**Activity:** Copy out exactly the stretch below, from the line with "Na spletni strani" through the line with "defines the vector", both included; the pictures stay out.

"""

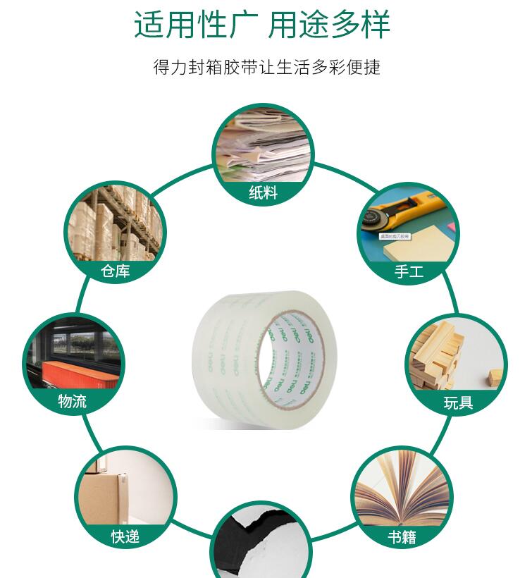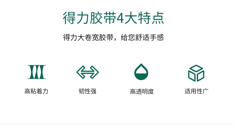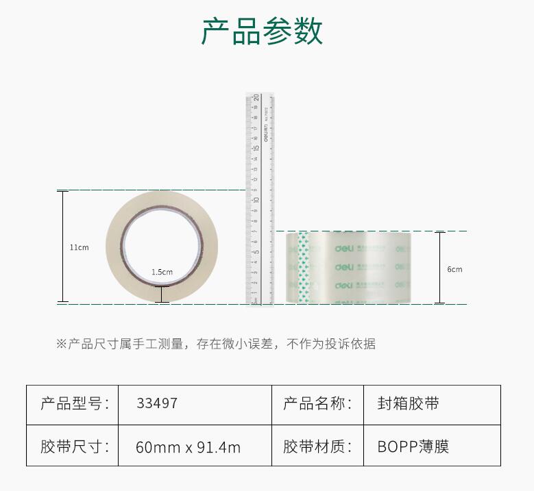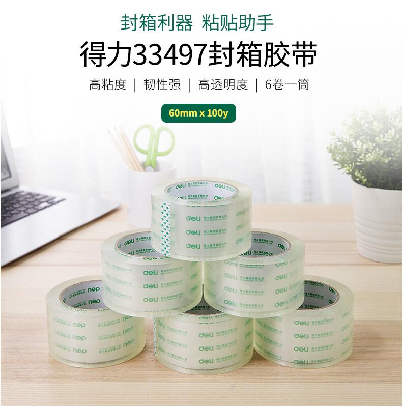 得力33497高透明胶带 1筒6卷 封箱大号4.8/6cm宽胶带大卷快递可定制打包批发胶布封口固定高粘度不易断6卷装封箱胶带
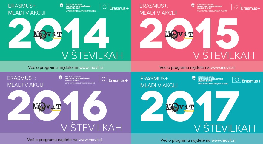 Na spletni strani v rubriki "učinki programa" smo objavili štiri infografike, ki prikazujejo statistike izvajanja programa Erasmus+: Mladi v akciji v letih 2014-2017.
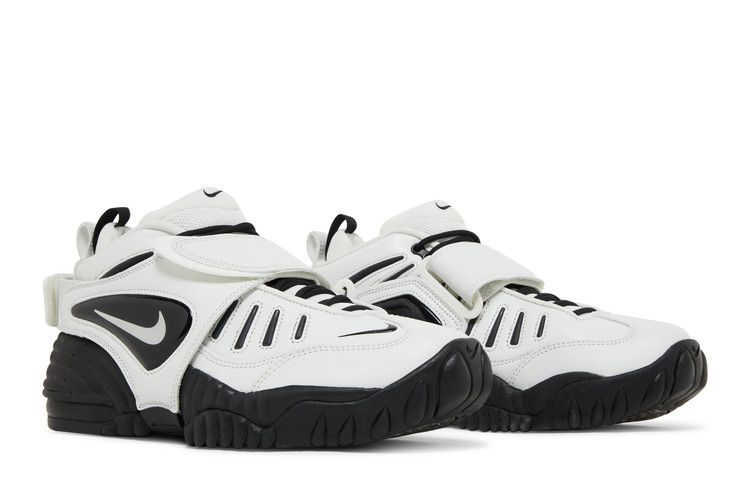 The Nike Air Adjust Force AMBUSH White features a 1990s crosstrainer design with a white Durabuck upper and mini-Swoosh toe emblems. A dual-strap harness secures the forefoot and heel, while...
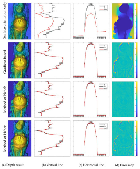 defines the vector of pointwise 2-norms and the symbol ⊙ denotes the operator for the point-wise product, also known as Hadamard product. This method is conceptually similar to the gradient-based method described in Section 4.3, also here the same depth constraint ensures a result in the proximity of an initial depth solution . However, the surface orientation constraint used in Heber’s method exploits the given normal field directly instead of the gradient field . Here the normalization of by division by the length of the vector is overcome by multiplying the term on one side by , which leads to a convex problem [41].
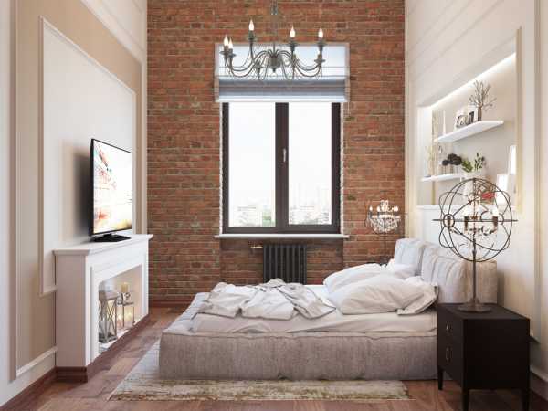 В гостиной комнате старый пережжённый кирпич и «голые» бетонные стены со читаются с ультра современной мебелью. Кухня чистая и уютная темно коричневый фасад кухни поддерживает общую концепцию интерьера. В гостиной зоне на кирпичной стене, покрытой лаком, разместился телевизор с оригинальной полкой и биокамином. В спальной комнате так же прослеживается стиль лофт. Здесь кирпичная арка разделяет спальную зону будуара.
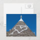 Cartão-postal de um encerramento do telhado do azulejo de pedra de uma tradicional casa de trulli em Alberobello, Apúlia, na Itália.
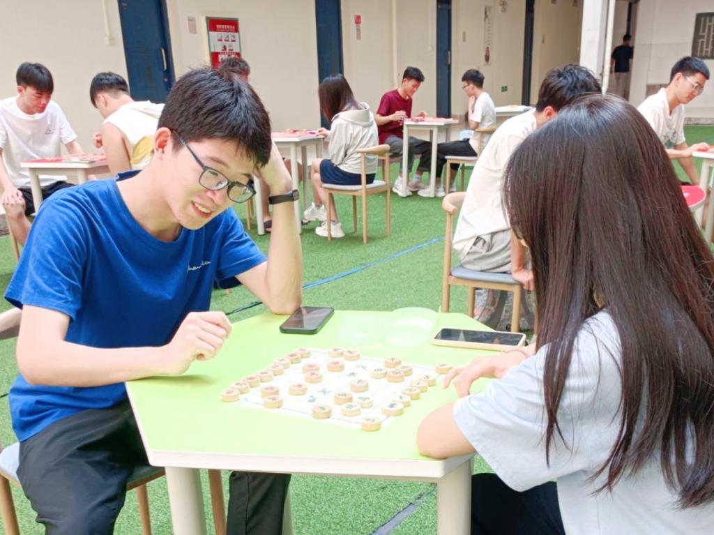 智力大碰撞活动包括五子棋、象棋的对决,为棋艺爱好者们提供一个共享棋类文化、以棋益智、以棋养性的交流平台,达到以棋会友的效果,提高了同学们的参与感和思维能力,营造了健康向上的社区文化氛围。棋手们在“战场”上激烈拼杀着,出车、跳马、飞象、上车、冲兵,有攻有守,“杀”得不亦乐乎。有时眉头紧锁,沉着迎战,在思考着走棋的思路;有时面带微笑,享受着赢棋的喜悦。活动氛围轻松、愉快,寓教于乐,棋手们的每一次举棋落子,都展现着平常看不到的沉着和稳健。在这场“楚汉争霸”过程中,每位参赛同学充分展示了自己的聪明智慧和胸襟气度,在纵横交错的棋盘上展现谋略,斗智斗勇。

"""

**Finished exercise:**
 Na spletni strani v rubriki "učinki programa" smo objavili štiri infografike, ki prikazujejo statistike izvajanja programa Erasmus+: Mladi v akciji v letih 2014-2017.
 The Nike Air Adjust Force AMBUSH White features a 1990s crosstrainer design with a white Durabuck upper and mini-Swoosh toe emblems. A dual-strap harness secures the forefoot and heel, while...
 defines the vector of pointwise 2-norms and the symbol ⊙ denotes the operator for the point-wise product, also known as Hadamard product. This method is conceptually similar to the gradient-based method described in Section 4.3, also here the same depth constraint ensures a result in the proximity of an initial depth solution . However, the surface orientation constraint used in Heber’s method exploits the given normal field directly instead of the gradient field . Here the normalization of by division by the length of the vector is overcome by multiplying the term on one side by , which leads to a convex problem [41].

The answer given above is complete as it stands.